GfellerLab / MetacellAnalysisToolkit

Toolkit for metacell analysis
13 stars 2 forks source link

No module named 'anndata' error #8

Open gianfilippo opened 6 months ago

gianfilippo commented 6 months ago

Hi,

I tried both the conda and docker (using singularity) versions I run the following MATK -t SuperCell -i data/cd34_multiome_rna.h5ad -o MATK_output/SuperCell/cd34/ -n 50 -f 2000 -k 30 -g 75 -s seurat and singularity run --bind $(pwd) matk_v1.0.sif MATK -t SuperCell -i data/cd34_multiome_rna.h5ad -o MATK_output/SuperCell/cd34/ -n 50 -f 2000 -k 30 -g 75 -s seurat

and I get the error below. Can you please help ?

Thanks

Error in py_module_import(module, convert = convert) : ModuleNotFoundError: No module named 'anndata' Run reticulate::py_last_error() for details. Calls: -> -> py_module_import Execution halted

aurelieGabriel commented 6 months ago

Dear Gianfilippo,

Thank you for your interest in MetacellAnalysisToolkit.

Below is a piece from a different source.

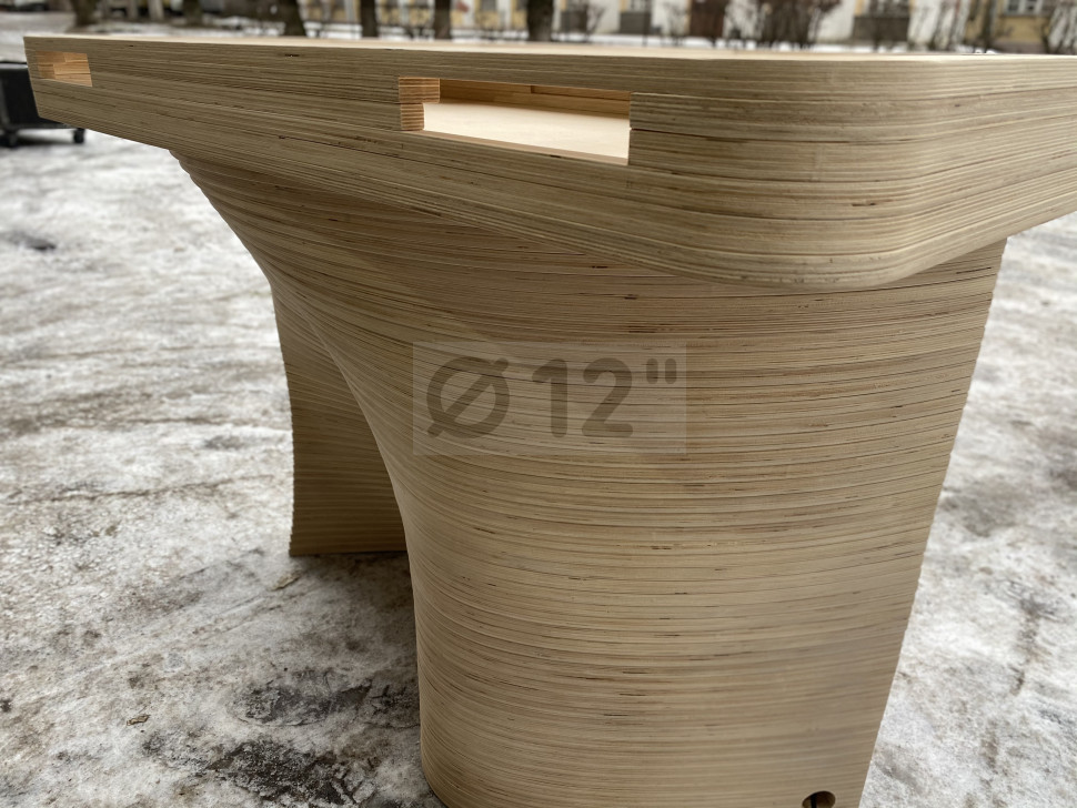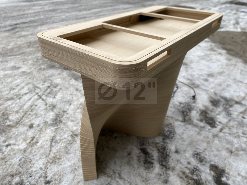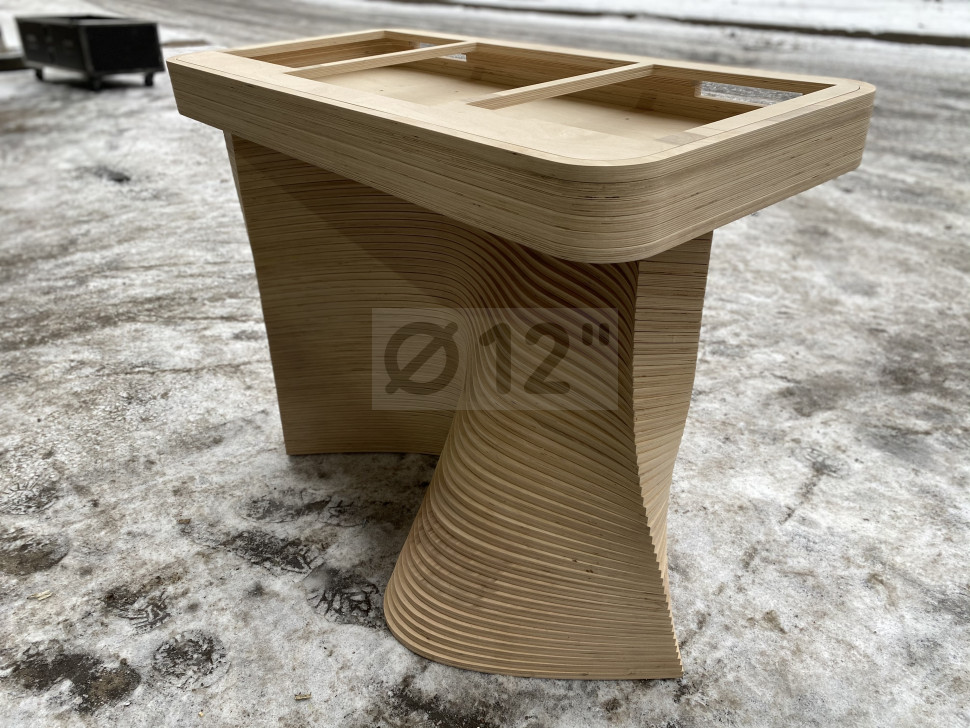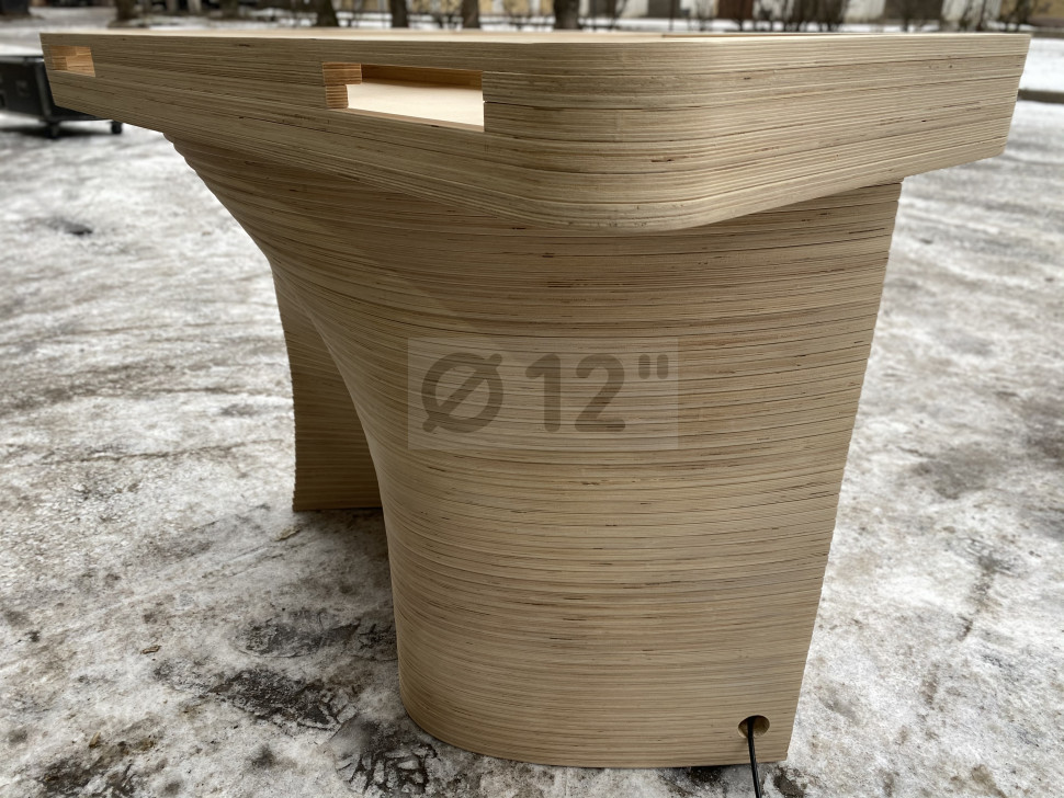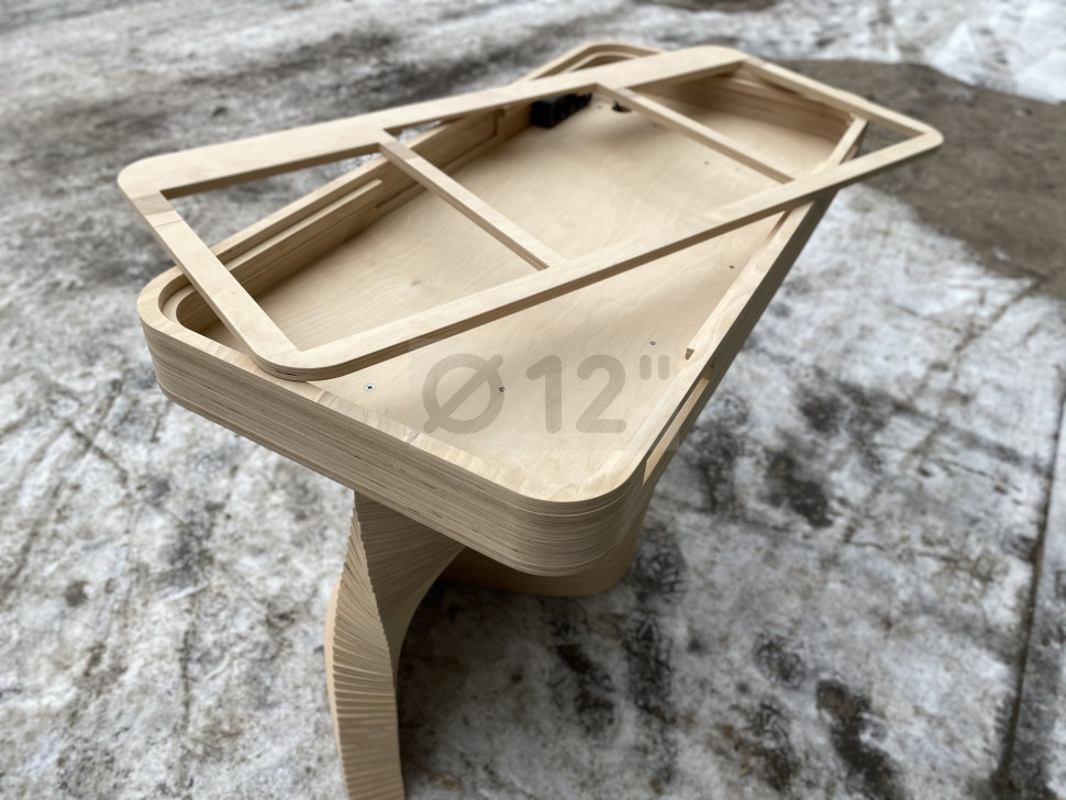 Материал фанера толщиной 18 мм, покрыта бесцветным лаком. Габаритные размеры 1200*650*900 мм, вес 70 кг. Оригинальный современный дизайн, отечественное производство, высокая прочность конструкции.

Using the following command lines, we obtained no error:

singularity pull docker://agabriel/matk:v1.0
singularity run --bind $(pwd) matk_v1.0.sif MATK -t SuperCell -i data/cd34_multiome_rna.h5ad -o MATK_output/SuperCell/cd34/ -n 50 -f 2000 -k 30 -g 75 -s seurat

We suspect that we are not using the same file as input. Unfortunately, the link to download the cd34_multiome_rna.h5ad initially provided in our README seems to be corrupted at the moment. We apologize for the inconvenience and have updated the link. Could you please download again the data and check that you have the following md5: 4cd8d82adfe267f54e13d8a383918fd0 by running: md5sum data/cd34_multiome_rna.h5ad.

We can also run a test on another dataset. After cloning/pulling the current MetacellAnalysisToolkit repository you can try the following command lines:

Finally, for future usage, please note that matk:v1.0 is based on Seurat V4 and matk:v1.1 on Seurat V5. The command lines described above should run with both docker environments.

Best wishes.

gianfilippo commented 6 months ago

Hi,

thanks, but I still get the same error. I think both the conda version and the Docker version look into my local Python path.

What do you suggest ?

Thanks

aurelieGabriel commented 6 months ago

Hi,

Thanks for the feedback, I agree that it could be the case considering the error message. I am surprised though that this happens in the docker container.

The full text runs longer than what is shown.